Pro tip: you can test the feature behavior in advance and evaluate historical drift patterns.
2. Evaluate the feature importance
Now, if you plan to dig deeper, the first step is to review the feature importance.
If the drifting features are unimportant, you can probably do without them. The ML model won’t grasp any meaningful patterns if they are truly volatile. If you have a lot of features with relatively low importance, you can safely experiment with dropping some of them.
It might also help to review your drift detection approach. The features might still be mildly useful. You simply do not want to overreact to an occasional shift, as it is unlikely to affect the model's performance. You can keep the volatile features in the model but exclude them from the drift monitoring. You can then regularly evaluate drift only in the top features.
If the drifting features are key to the model, you cannot just eliminate them. If you detect a shift, it is best to investigate its nature. What is the real-world phenomenon behind it? Did they become entirely unpredictable, or is it a trend that a model can learn?
In the latter case, you can estimate how much data you need to collect to retrain your model to capture new patterns. While you wait for that, you might want to pause your model, use a fallback or continue with the decreased model performance for a while. You can also explore if there are other data sources you can use to augment the model.

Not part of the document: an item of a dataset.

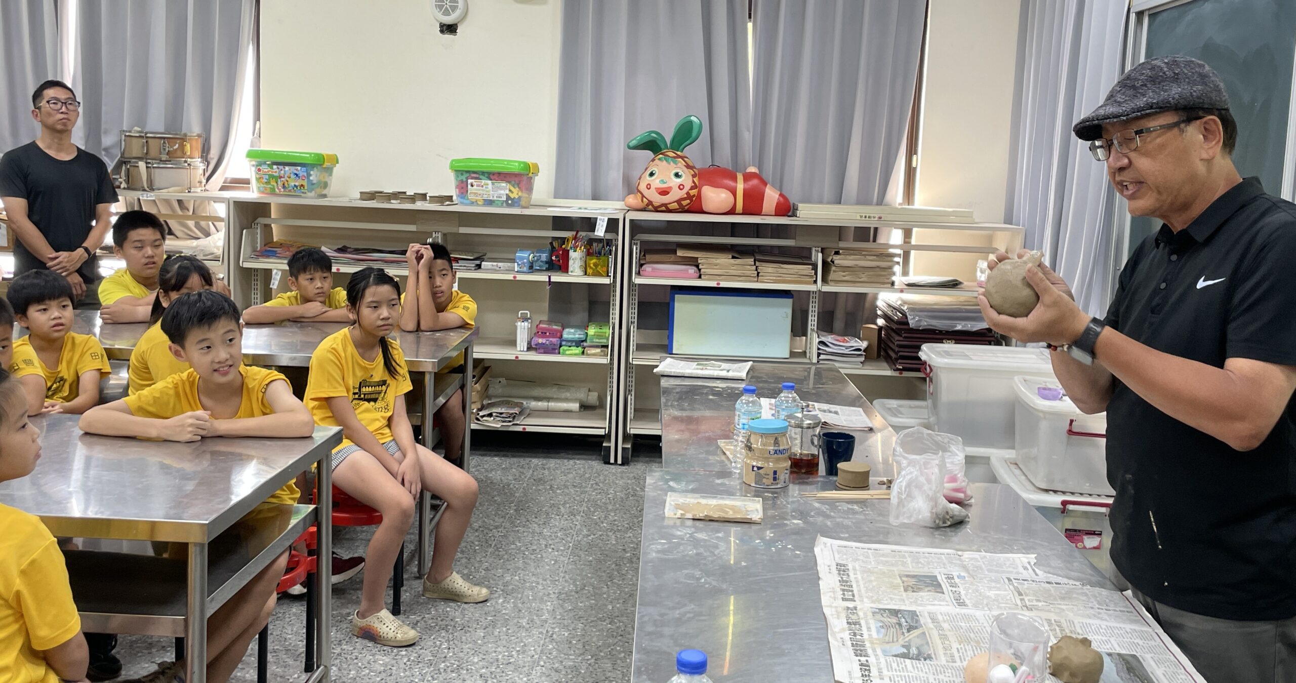 水里蛇窯陶藝師林國隆授課輕鬆傳授南投陶歷史  帶同學把一團土捏出陶盒與陶壼  教同學從動手作學習挑戰生活

Further reading: how to be intentional about model retraining needs and evaluate how much data you need to retrain.
3. Consider a dual-model setup
As you explore the changes in detail, you might notice some patterns. One recurring pattern is when you have some features that are both important and stable and a lot of features that are still useful but volatile or not even always present in the data.
In this case, you can consider a dual-model setup.
The idea is to build a first ML model using only stable, reliable features and the second ML model to correct the output of the first using the bigger feature set. This will help balance reliability (thanks to the core, robust model built on a limited feature set) and maximize the performance (thanks to using all the additional features to improve the output of the first one).
You can use the models in different combinations. For example, apply the models sequentially, or choose the output of one model over another depending on the input data or a rule that you define.
You can also set up input feature drift monitoring only for the “core” model to react to important shifts.
4. Think about seasonality
Here is another thing to dig into: is this true feature drift, or is it a temporal pattern?
Often it is some seasonality that affects the feature behavior. This might be directly related to the time dimension, and you need to choose appropriate comparison windows to avoid false positive drift detection. For example, you might need to compare your data month-by-month and not week-by-week.
You can also deal with other types of seasonality. For example, if you predict the estimated time of the taxi's arrival, the weather is a very impactful factor. When it rains, things are very different regarding car availability, traffic speed, and user demand.
If you look at the behavior of the individual features, rainy weather might look like data drift. While it is, in fact, a pattern that you can single out.
You might end up with two or more models for different weather types and set a rule to switch between them (e.g., relying on the humidity levels to distinguish when the rain starts or using some other heuristic).
Further reading: what else you can do to handle drift.
5. Treat drift as a heuristic
We started the question with the assumption that “drift is detected” and features are volatile.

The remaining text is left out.